**What to produce:**
Beginning with the line that contains "Характеристики: Футболка из", retype the entries below exactly, ending with the line that contains "Юбка полуприлегающего силуэта". Leave out any pictures.

**Materials provided:**
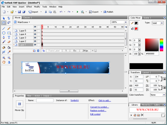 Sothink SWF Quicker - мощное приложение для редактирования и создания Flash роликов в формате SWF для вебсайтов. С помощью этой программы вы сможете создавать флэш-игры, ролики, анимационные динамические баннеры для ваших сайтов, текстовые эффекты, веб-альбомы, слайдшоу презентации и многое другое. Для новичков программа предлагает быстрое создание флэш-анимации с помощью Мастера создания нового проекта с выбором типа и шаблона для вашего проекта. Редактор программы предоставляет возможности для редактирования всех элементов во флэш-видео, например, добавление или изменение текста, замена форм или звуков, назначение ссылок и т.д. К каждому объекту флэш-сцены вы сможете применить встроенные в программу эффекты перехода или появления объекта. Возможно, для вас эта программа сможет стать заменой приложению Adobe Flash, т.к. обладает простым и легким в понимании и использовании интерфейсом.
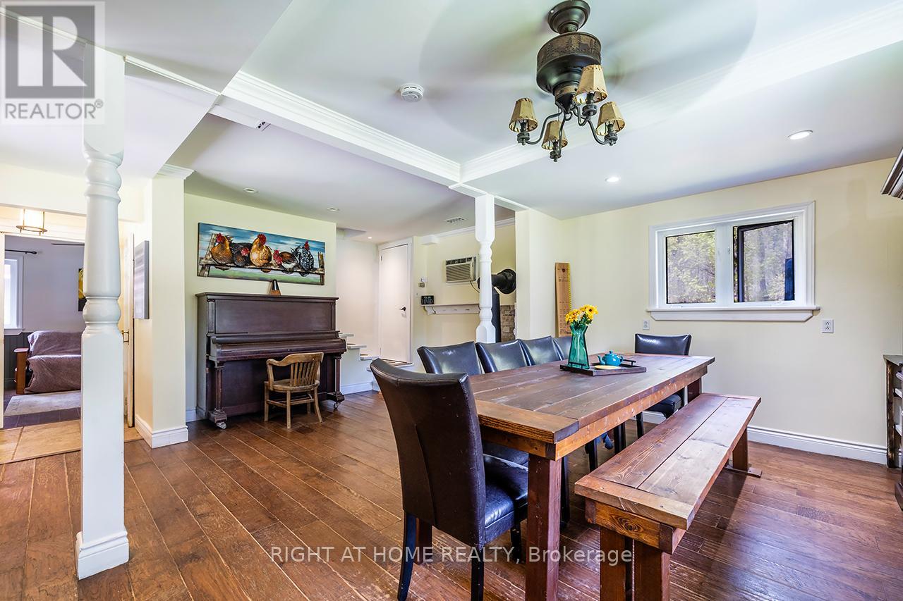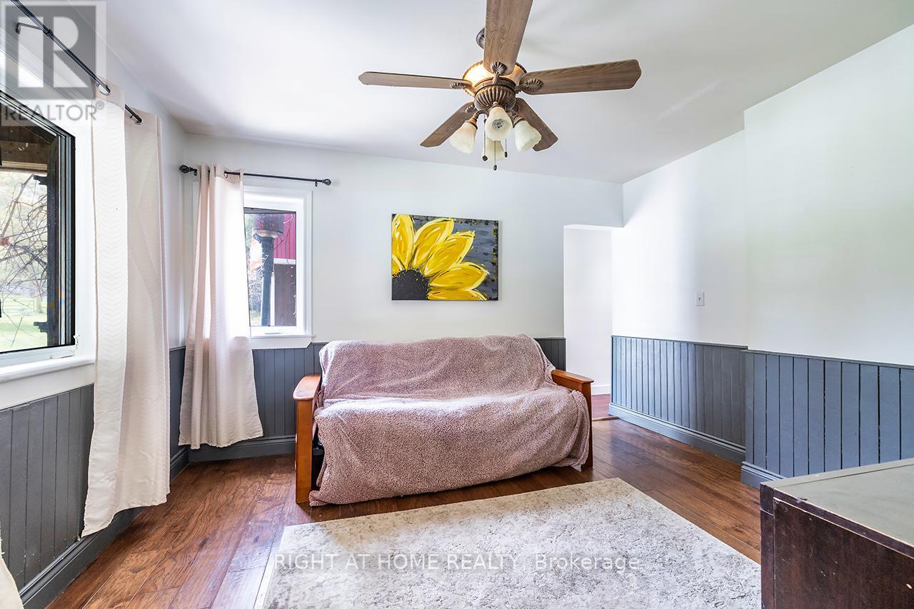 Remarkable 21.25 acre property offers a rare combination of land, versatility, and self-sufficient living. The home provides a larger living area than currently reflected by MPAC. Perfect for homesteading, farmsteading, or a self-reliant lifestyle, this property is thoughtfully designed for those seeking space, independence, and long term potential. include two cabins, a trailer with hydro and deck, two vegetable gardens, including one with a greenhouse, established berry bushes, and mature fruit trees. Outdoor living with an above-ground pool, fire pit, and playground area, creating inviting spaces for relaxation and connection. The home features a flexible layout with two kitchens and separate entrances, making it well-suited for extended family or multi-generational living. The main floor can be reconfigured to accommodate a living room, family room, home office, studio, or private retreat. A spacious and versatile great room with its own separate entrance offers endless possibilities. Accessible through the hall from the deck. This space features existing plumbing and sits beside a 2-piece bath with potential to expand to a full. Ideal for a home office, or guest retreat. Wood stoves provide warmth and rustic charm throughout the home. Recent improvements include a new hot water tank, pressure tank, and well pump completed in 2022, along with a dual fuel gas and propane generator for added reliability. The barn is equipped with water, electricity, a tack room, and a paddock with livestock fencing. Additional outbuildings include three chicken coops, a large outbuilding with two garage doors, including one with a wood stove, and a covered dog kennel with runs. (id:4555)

* * *

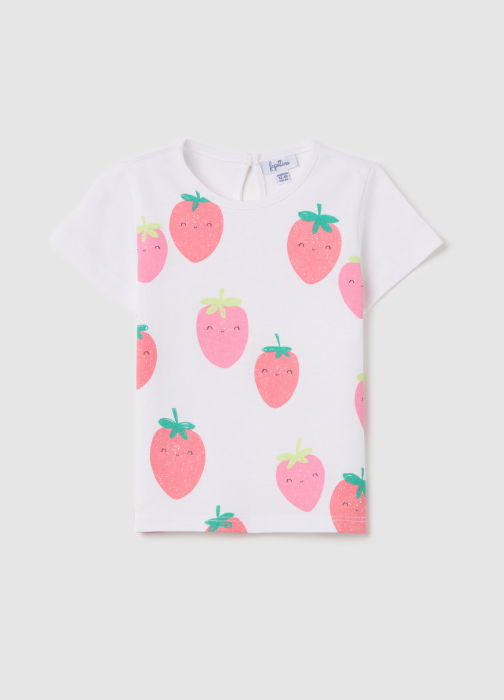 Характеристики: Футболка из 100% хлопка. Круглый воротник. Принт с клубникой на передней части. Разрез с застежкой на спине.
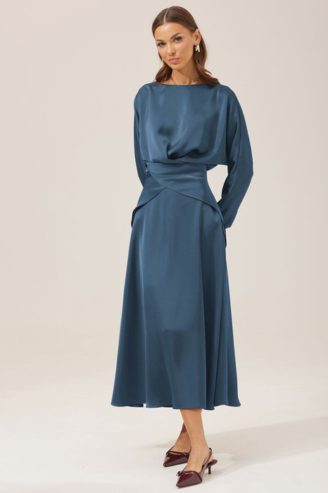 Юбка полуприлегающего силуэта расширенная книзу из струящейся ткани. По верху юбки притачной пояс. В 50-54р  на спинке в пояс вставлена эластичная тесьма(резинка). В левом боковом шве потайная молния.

---

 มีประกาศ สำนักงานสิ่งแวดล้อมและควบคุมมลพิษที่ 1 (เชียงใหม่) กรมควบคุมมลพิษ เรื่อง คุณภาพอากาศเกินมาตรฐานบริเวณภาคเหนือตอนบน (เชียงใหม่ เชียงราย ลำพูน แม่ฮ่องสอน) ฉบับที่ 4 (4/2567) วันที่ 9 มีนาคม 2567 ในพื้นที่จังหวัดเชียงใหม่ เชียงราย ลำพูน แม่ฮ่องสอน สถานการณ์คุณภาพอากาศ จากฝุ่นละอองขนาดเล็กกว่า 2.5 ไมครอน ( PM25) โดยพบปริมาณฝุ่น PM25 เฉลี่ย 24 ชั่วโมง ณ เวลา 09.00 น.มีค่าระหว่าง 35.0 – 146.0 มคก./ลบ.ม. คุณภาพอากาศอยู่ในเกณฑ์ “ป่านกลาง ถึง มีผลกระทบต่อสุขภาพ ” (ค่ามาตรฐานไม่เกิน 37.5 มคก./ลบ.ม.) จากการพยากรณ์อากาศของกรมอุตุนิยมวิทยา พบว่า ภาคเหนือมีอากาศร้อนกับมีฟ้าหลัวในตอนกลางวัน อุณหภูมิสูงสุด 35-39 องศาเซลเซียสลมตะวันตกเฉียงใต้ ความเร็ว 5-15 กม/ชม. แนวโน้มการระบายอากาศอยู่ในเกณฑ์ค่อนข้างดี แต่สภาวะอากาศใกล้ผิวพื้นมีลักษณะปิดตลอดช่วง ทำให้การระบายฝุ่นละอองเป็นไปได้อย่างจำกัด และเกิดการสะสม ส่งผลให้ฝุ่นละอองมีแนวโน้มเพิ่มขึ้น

**Result of the exercise:**
 Характеристики: Футболка из 100% хлопка. Круглый воротник. Принт с клубникой на передней части. Разрез с застежкой на спине.
 Юбка полуприлегающего силуэта расширенная книзу из струящейся ткани. По верху юбки притачной пояс. В 50-54р  на спинке в пояс вставлена эластичная тесьма(резинка). В левом боковом шве потайная молния.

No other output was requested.